In many cases, telephone reporting will activate emergency management of small and large disasters.

Caller location

Enhancements of the service give additional information to the dispatcher, such as the location of the calling telephone. Even for a plain old telephone service (POTS) user, location reporting is not a trivial problem, at least for anything more complex than a single-family house. If the caller is in a business with many extensions, or an apartment building, the location provided may be no more precise than the street address. One enhancement gives a more specific location in a multiple-unit building.

It is required that most new cellular telephones be manufactured with a GPS receiver, which can send the actual location of the caller. In many telephones, however, the user can completely disable GPS, or limit position reporting only to emergency calls.

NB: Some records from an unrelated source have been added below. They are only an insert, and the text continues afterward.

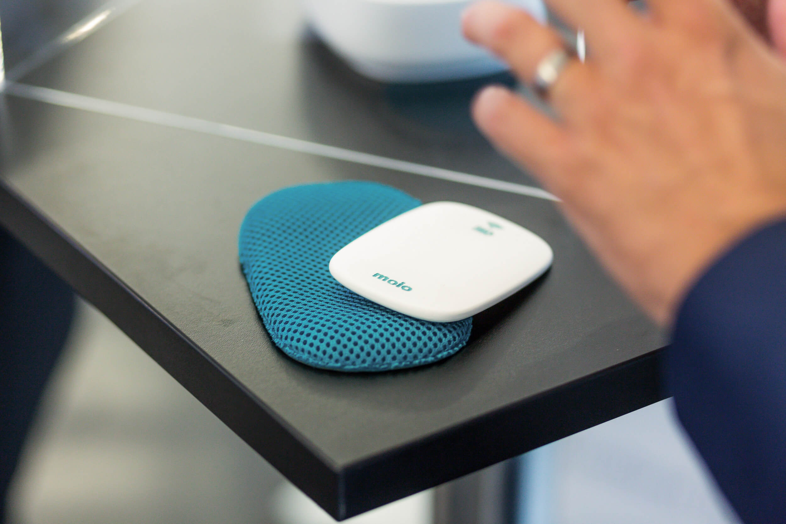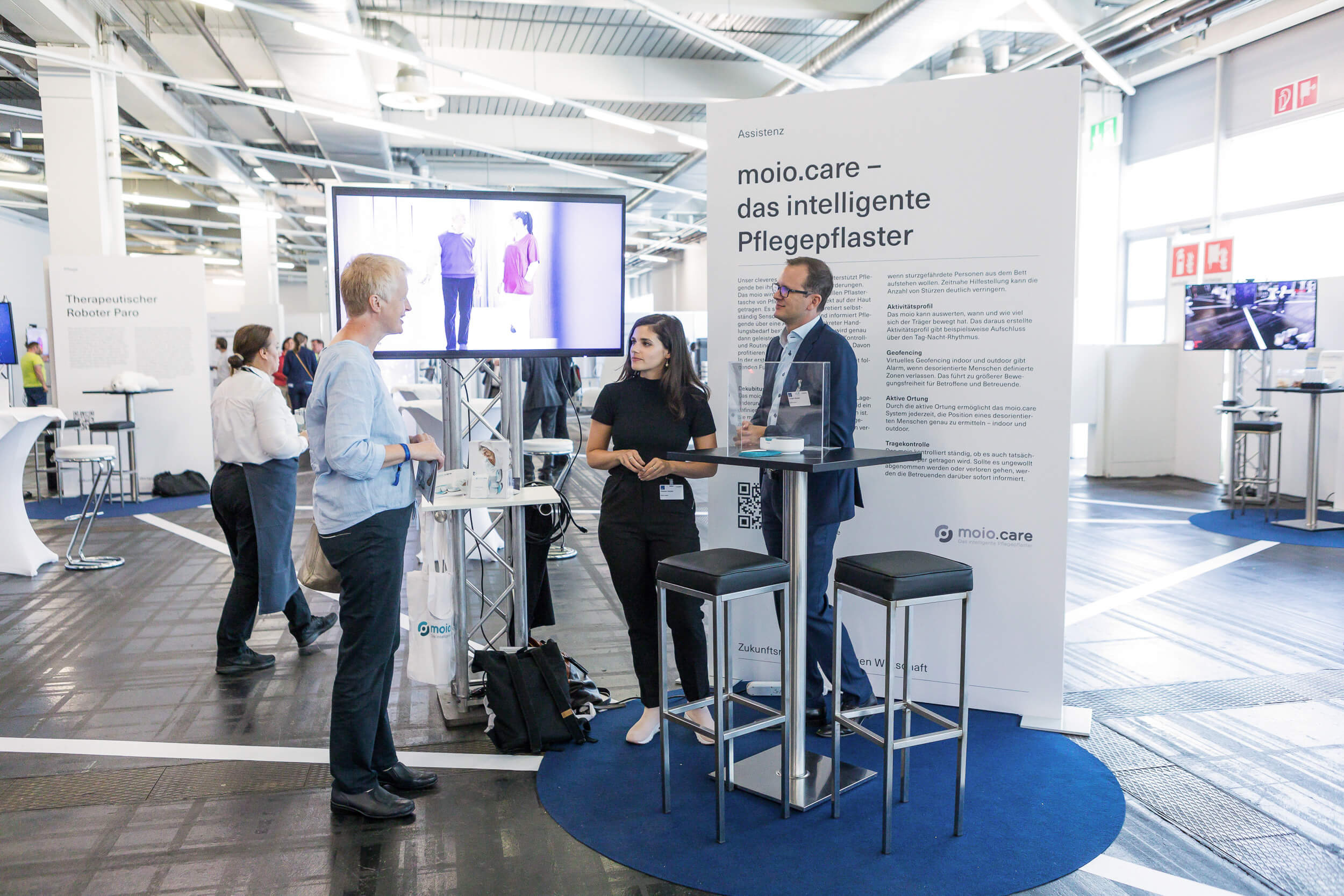 Das clevere TeleCare-System unterstützt Pflegende bei ihren täglichen Herausforderungen. Das moio wird mithilfe einer speziellen Pflastertasche von Pflegebedürftigen direkt auf der Haut getragen. Es sammelt und interpretiert selbstständig Sensorinformationen und informiert Pflegende über eine App, sobald konkreter Handlungsbedarf besteht. Unterstützung wird genau dann geleistet, wenn sie benötigt wird, Kontroll- und Routineaufgaben werden vereinfacht. Davon profitieren Pflegende und Gepflegte. In der ersten Entwicklungsstufe soll moio mit folgenden Funktionen ausgestattet sein:
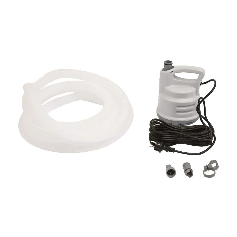 - Inclus : 1 groupe de pompe, 1 kit d'adaptateurs, 1 tuyau de 5m de long et 3,2cm de diamètre
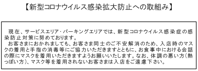 店舗切替作業に伴い、下記期間において営業を休止させていただきます。営業休止期間中は飲食・物販・自動販売機の営業は一切行っておりません。恐れ入りますが、周辺のSA・PAをご利用ください。なお、お手洗いはご利用いただけます。
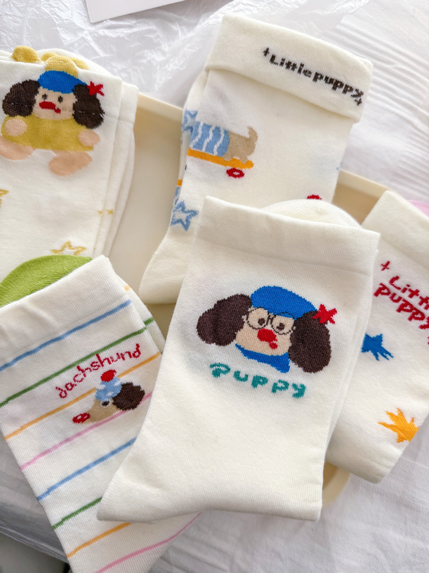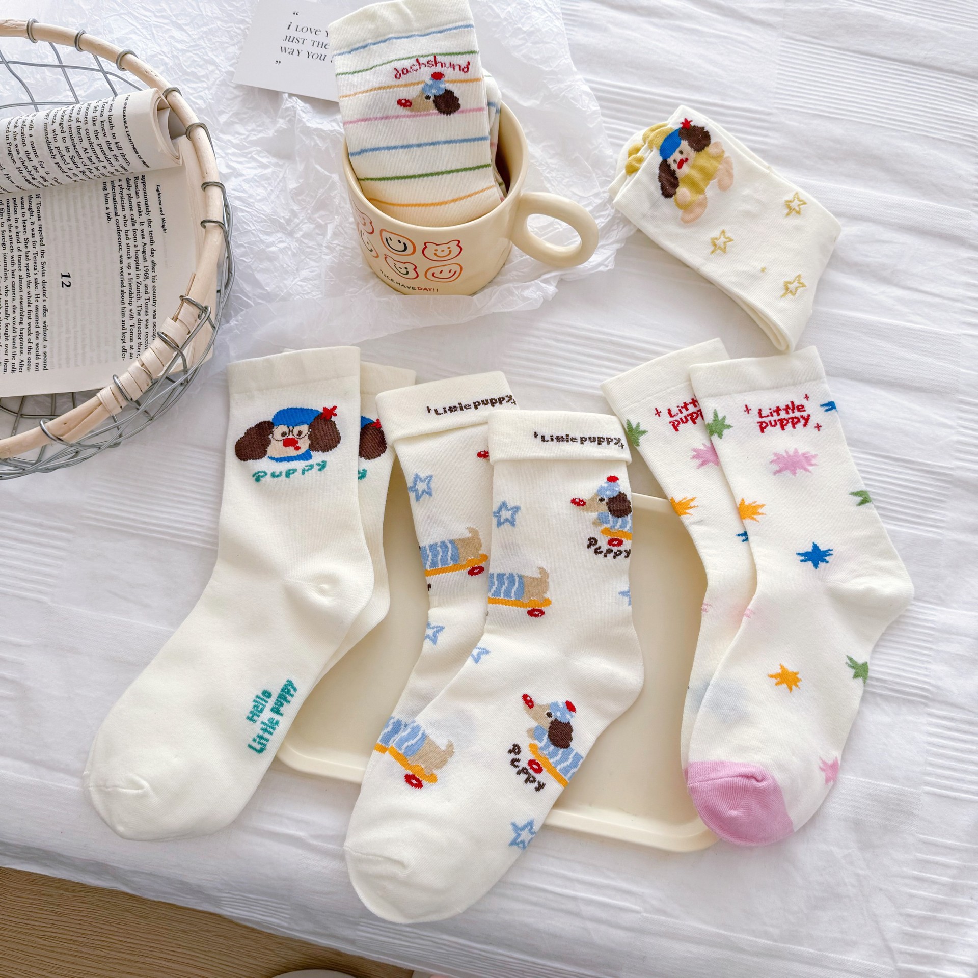 여성을위한 귀여운 닥스훈트 강아지 양말 봄과 여름 대학 스타일 일본 일러스트 만화 줄무늬 대학 스타일 여름 스타킹
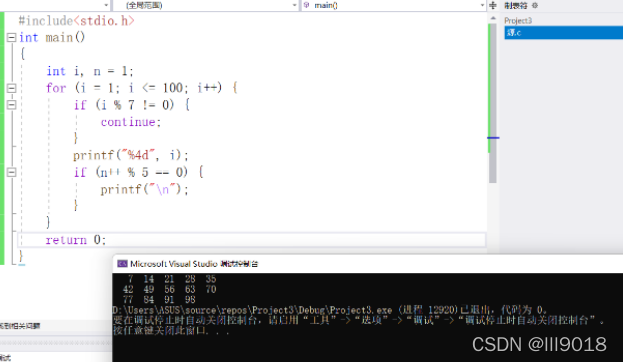 说明:(1)“if(i%7!=0)continue;”语句的功能是:如果n不能被7整除,则结束本次循环,转而执行“i++;”,继续下一次循环。

With voice over Internet Protocol, the user could be anywhere that has Internet connectivity. Most VoIP services administratively assign a physical address to be reported with emergency calls.

PSAP location

911 or 112 is not the physical location of a telephone, but a code that tells the first telephone end office to switch the call to an appropriate PSAP. Unfortunately, many such systems are not sufficiently fine-grained. For example, many systems in the United States have a three-digit area code, a three digit local exchange, and a four digit local line number. The local exchange usually is associated with a particular physical area, but that area may not correspond to the jurisdiction of individual emergency services. For example, (703)998-XXXX in the state of Virginia, in the United States, contains telephones in Alexandria and Arlington. All 911 calls, at least within recent times, would go to the Alexandria PSAP, and, if the emergency was in Arlington, the Alexandria dispatcher had to transfer the call to Arlington.